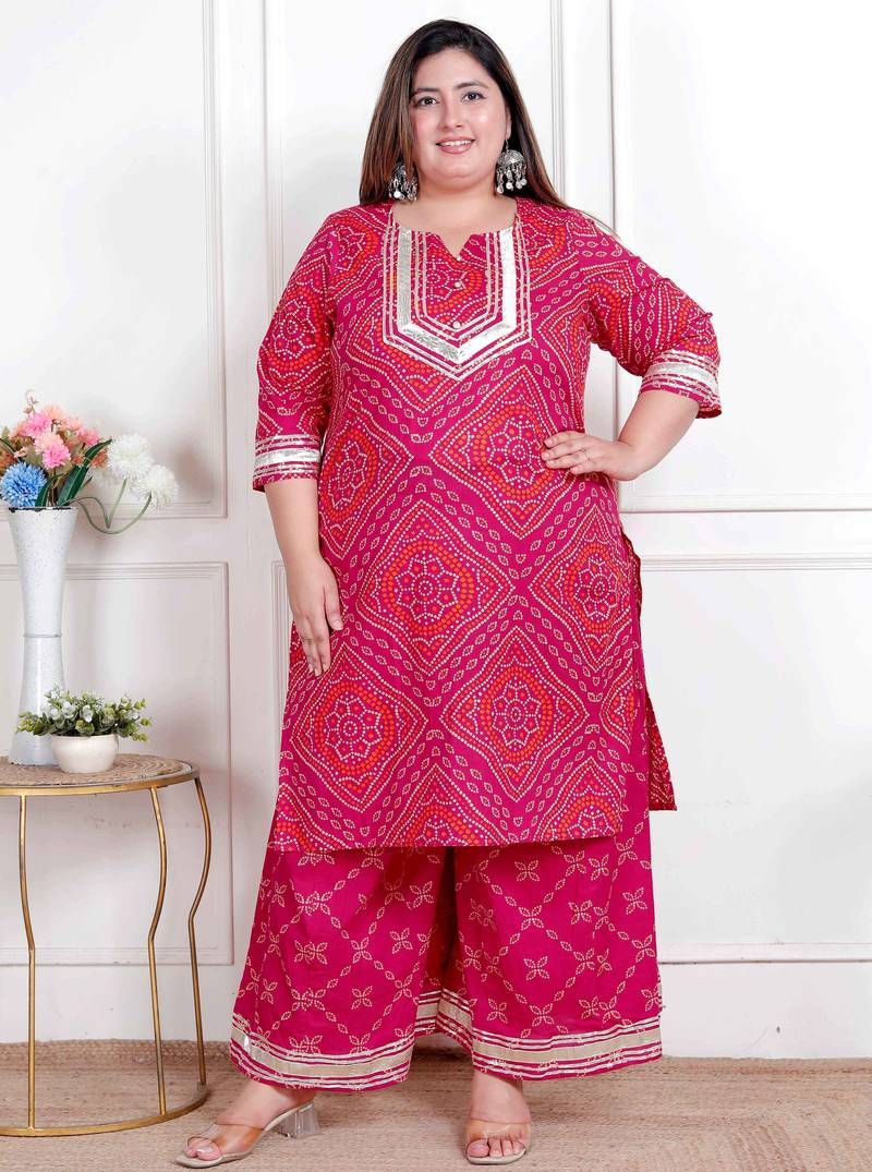 Plus Size Women's Embellished Ethnic Cotton Kurta With Palazzo Stitched
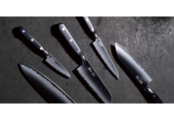 Ostrza noży Senzo Porfessional wykuwane są w konstrukcji Sanmai, trzy warstwy z rdzeniem z doskonałej stali proszkowej SG2. Stal SG2 jest uważana za jedną z najlepszych stali nierdzewnych w Japonii. Ma ona wyższą odporność na rdzę niż VG10 i więcej węgla niż Blue Paper Steel. W rezultacie ostrza z SG2 utrzymują krawędź dłużej niż noże ze stali węglowej przy czym nie wymagają specjalnych zabiegów konserwacyjnych. Ostrze ze stali proszkowej przekonuje niezwykłą ostrością i odpornością na ścieranie. Konstrukcja Sanmai sprawia, że na klindze tworzy się charakterystyczna linia zwana Katana-Edge.
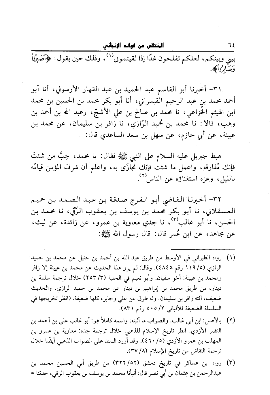 32 - أخبرنا القاضي أبو الفرج صدقة بن عبد الصمد بن حميم العسقلاني، نا أبو بكر محمد بن يوسف بن يعقوب الرقي، نا محمد بن الحسن، نا أبو غالب، نا جدي معاوية بن عمرو، عن زائدة، عن ليث، عن مجاهد، عن ابن عمر قال: قال رسول الله صلى الله عليه وسلم:
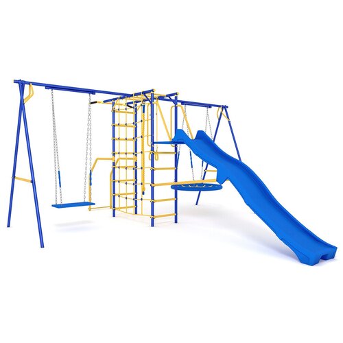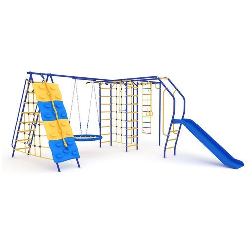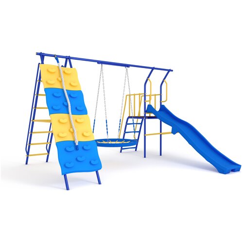 Уличный спортивный комплекс VERESK "Модель № 9 со скалодромом, качелями-гнездо, Доп. модулем "Горка" и Доп. модулем "Паутина".
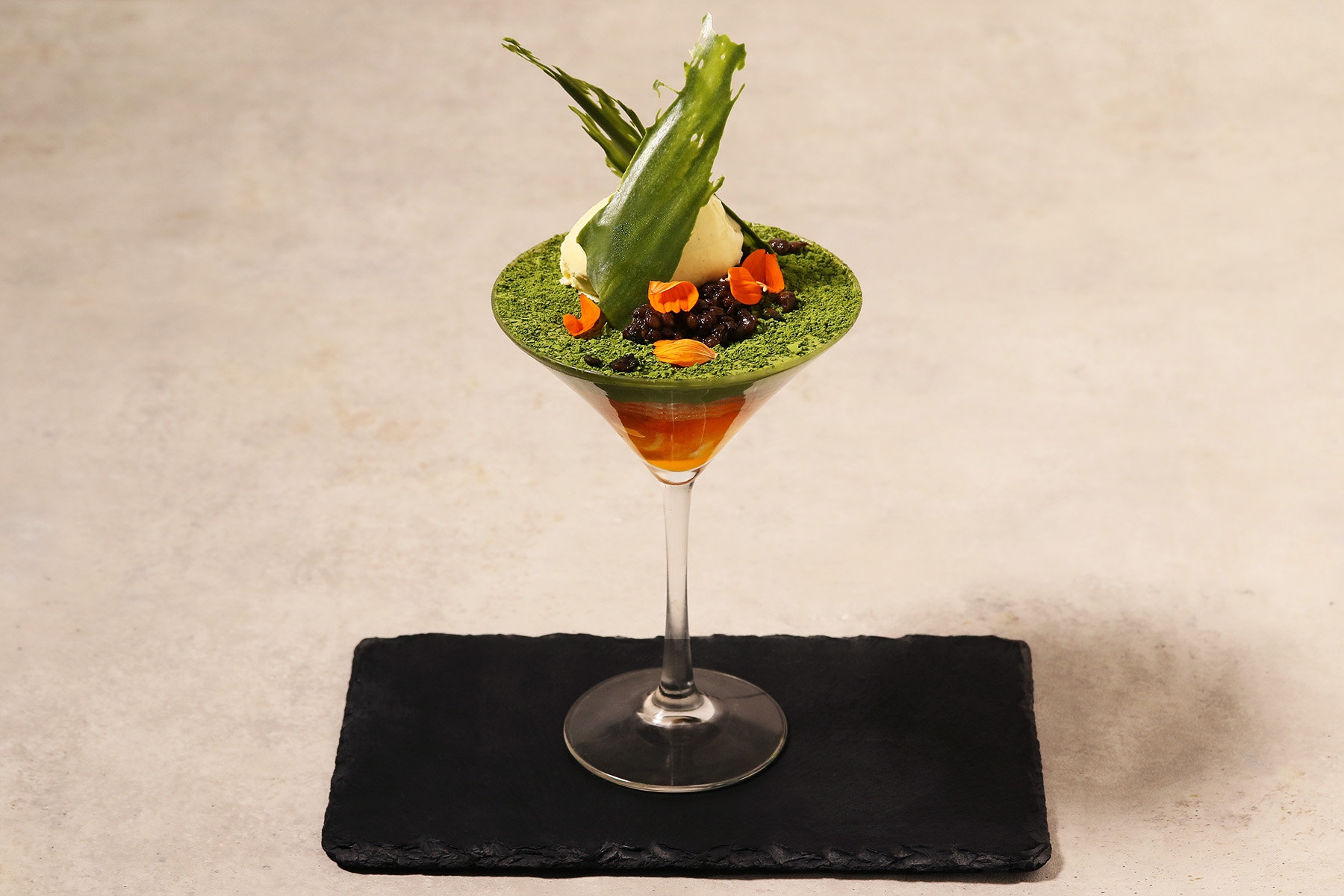 「新版画」をテーマに“和”の素材として人気の抹茶を中心に構成しました。パフェに添えた抹茶チョコレートは、版画制作の「刷り跡」や「重なり」をイメージ。鮮やかな抹茶の緑に映えるオレンジは、本展のテーマカラー“夕焼けオレンジ”でもあります。軽やかな味わいのソースで、最後まで飽きずに楽しめます。
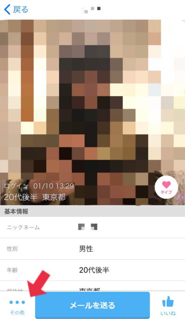 お気に入りの追加方法は、相手のプロフィールの「その他」からできます。
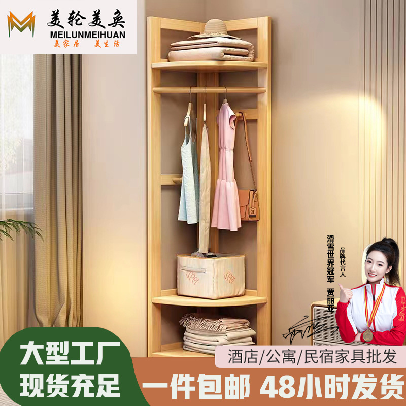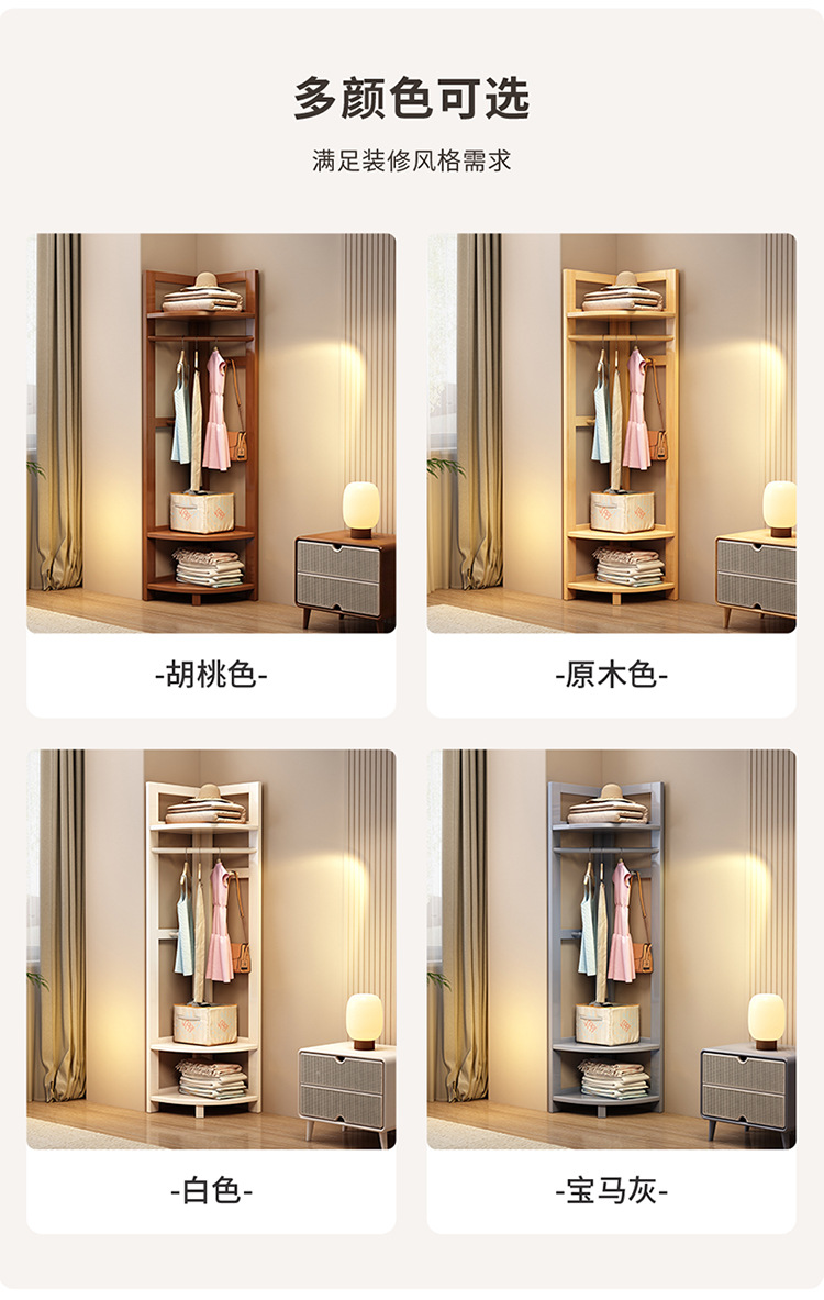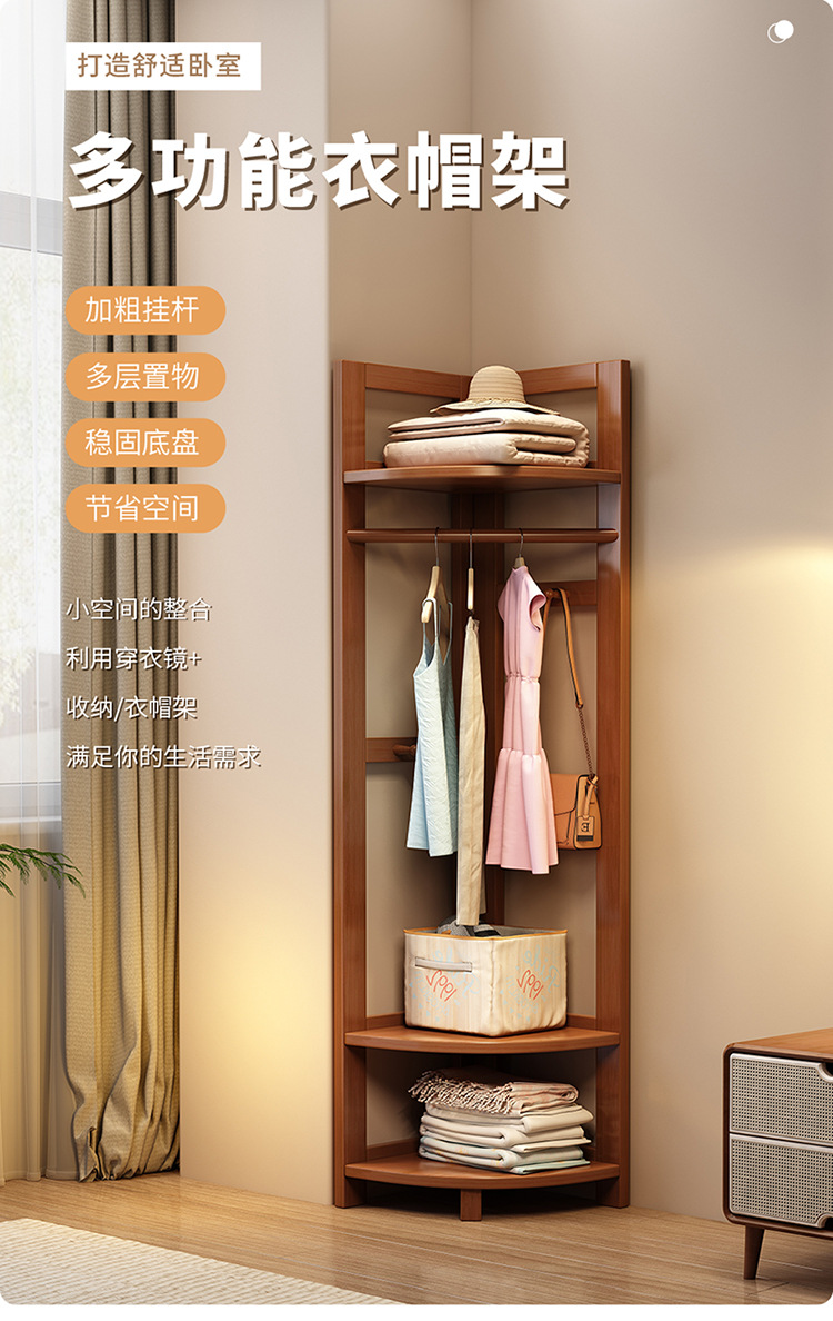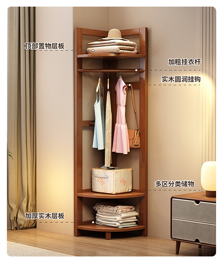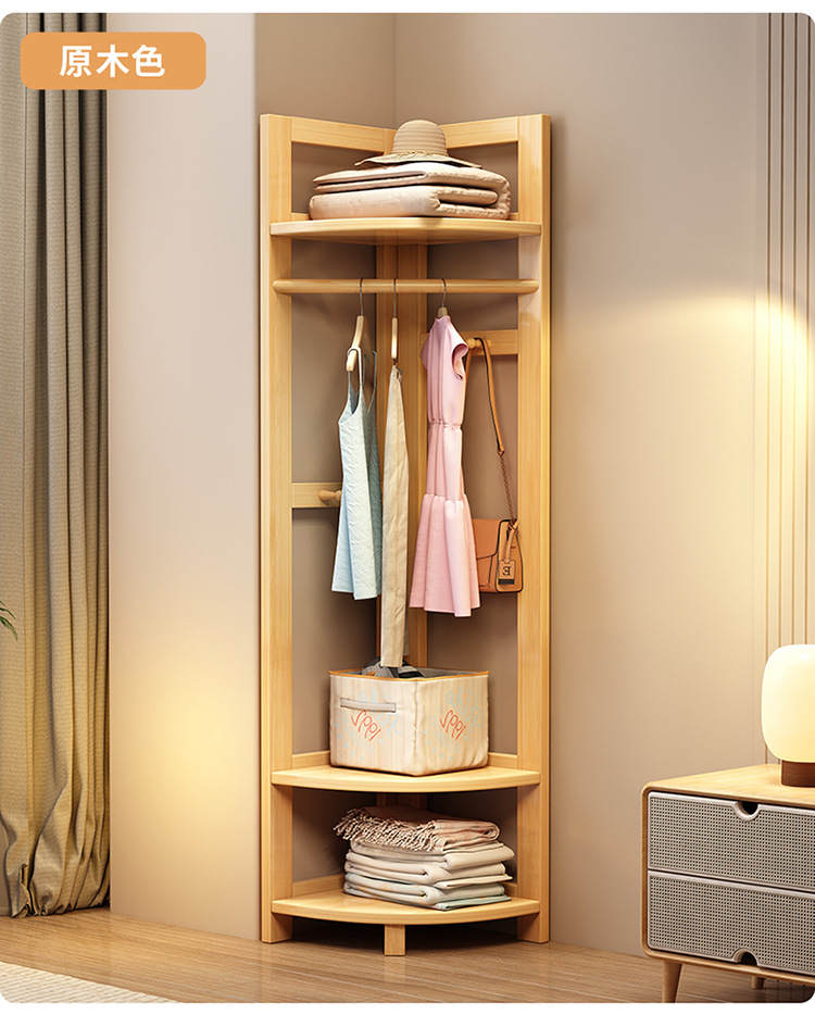간단한 가정용 코너 의류 랙 단단한 나무 코너 코트 랙 바닥 침실 걸이 보관 랙
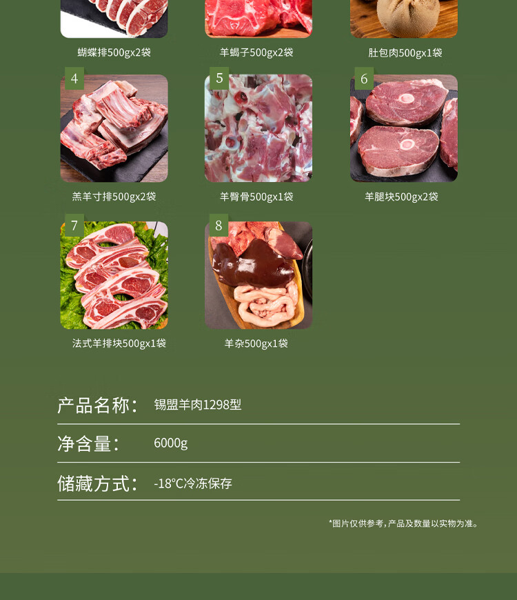 商品名称:丁小宴锡盟羊肉礼盒 羊肉生鲜食材商务送礼礼盒 羊肉礼盒458型*2500g 6975557501338
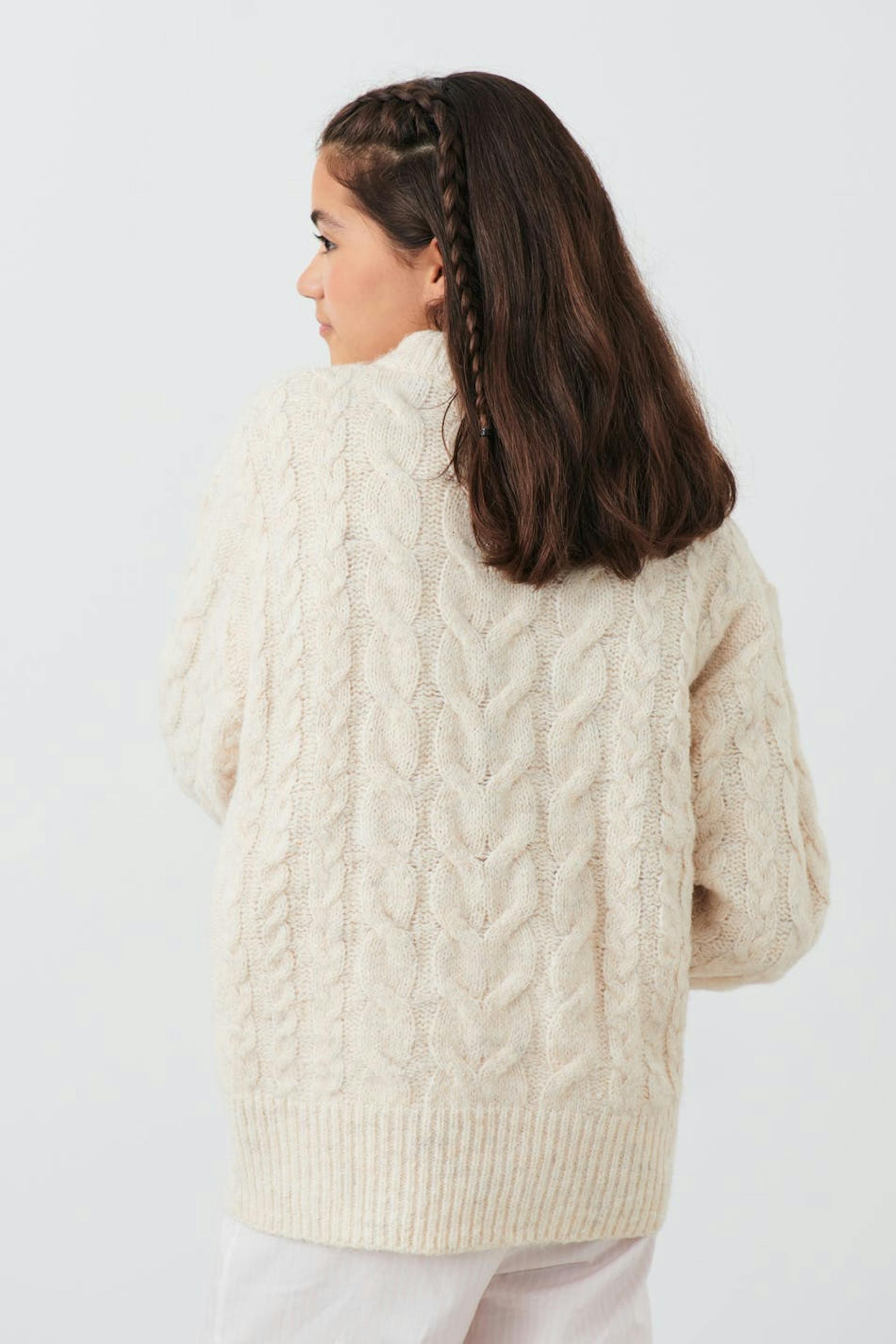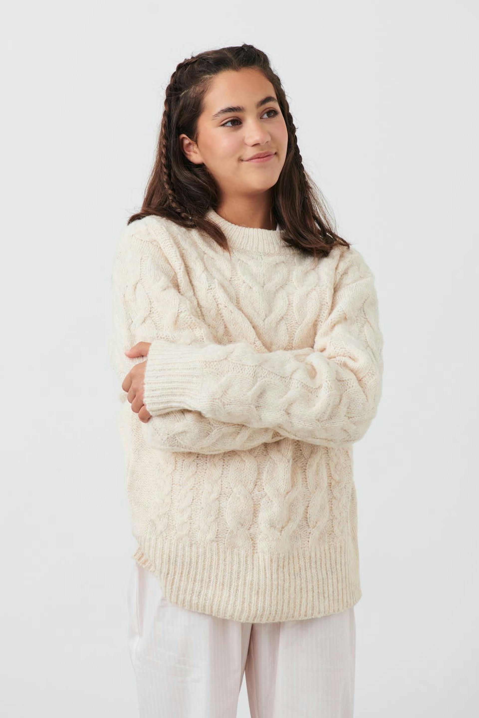 Cable-knit jumper by Gina Tricot Young with regular fit. The jumper is beige and has round, ribbed neckline. It has long sleeve and rib knit at the bottom.

> [Work to be completed]: Only lines from the one holding "商品名称:丁小宴锡盟羊肉礼盒 羊肉生鲜食材商务送礼礼盒 羊肉礼盒458型*2500g" through the last line of the entries above are wanted, both ends included, each retyped exactly; no pictures.

> [Solution for this task]:
 商品名称:丁小宴锡盟羊肉礼盒 羊肉生鲜食材商务送礼礼盒 羊肉礼盒458型*2500g 6975557501338
 Cable-knit jumper by Gina Tricot Young with regular fit. The jumper is beige and has round, ribbed neckline. It has long sleeve and rib knit at the bottom.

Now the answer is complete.